L'atmosphère incitait à s'acagnarder, pourtant mille tâches nous attendaient. J'entrepris la réparation de la toiture du « cul de loup » puisque c'est le nom qui, d'emblée, avait surgi dans la mémoire pourtant repliée d' Amogh. Nous n'étions pas des aliborons, nous savions mille choses utiles à notre survie, mais nous avions oublié les usages anciens, les modes du temps passé, nous ne savions pas d'où nous venions, et où il nous fallait aller. Ai-je dit que nous avions perdu la mémoire ? Je ne sais plus... Ici et maintenant était notre code. Et nous puisions dans l'instant mille joies fines et gracieuses.
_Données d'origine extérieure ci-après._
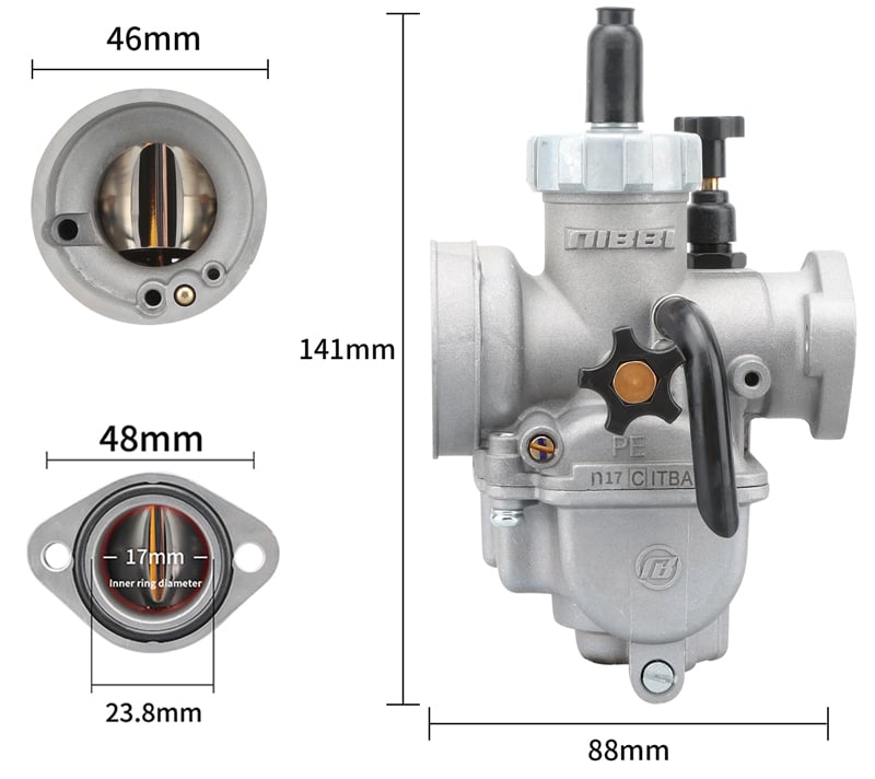 is most commonly used for 2T and 4T engines 100ccc-125cc quadricycles, motorcycles and go-kars. Thanks to excellent technology, the NIBBI RACING carburetors are perfectly tuned for better performance and lower fuel consumption. Aluminium alloy with anodic oxidation treatment which significantly improves corrosion resistance, wear resistance, insulation, thermal resistance and hardness of the carburetor.

Pas d'hier et pas de demain. La vie en somme, dans toutes ses palpitations, ses souffles, ses soupirs et ses grimaces.
La toiture du cul de loup était construite de troncs de châtaigniers grossièrement ligaturés avec de l'écorce de bouleau tressée.
Des perches fixées en travers complétaient l'armature. Dessus une grosse épaisseur de fougère. La fougère coupée sous la bonne lune et séchée au soleil sous un vent d'Est est un petit miracle de la nature, elle ne pourrit pas.
Les trous qui avaient généreusement partagé la pluie avec nous avaient été provoqués par des branches tombées, et le vent furieux d'hiver.
J'entrepris donc de consolider la charpente que j'avais entièrement découverte. Il fallut aussi faucher de la fougère et attendre que le soleil accomplisse son labeur. Amogh était parti chasser depuis plusieurs jours. Je dormais dehors. Dans un roseau j'avais taillé une longue flûte et d'anciens airs me revenaient sous les doigts. Au crépuscule cette musique se mélangeait au souffle du vent. Et je crois bien qu'alors, j'étais heureux.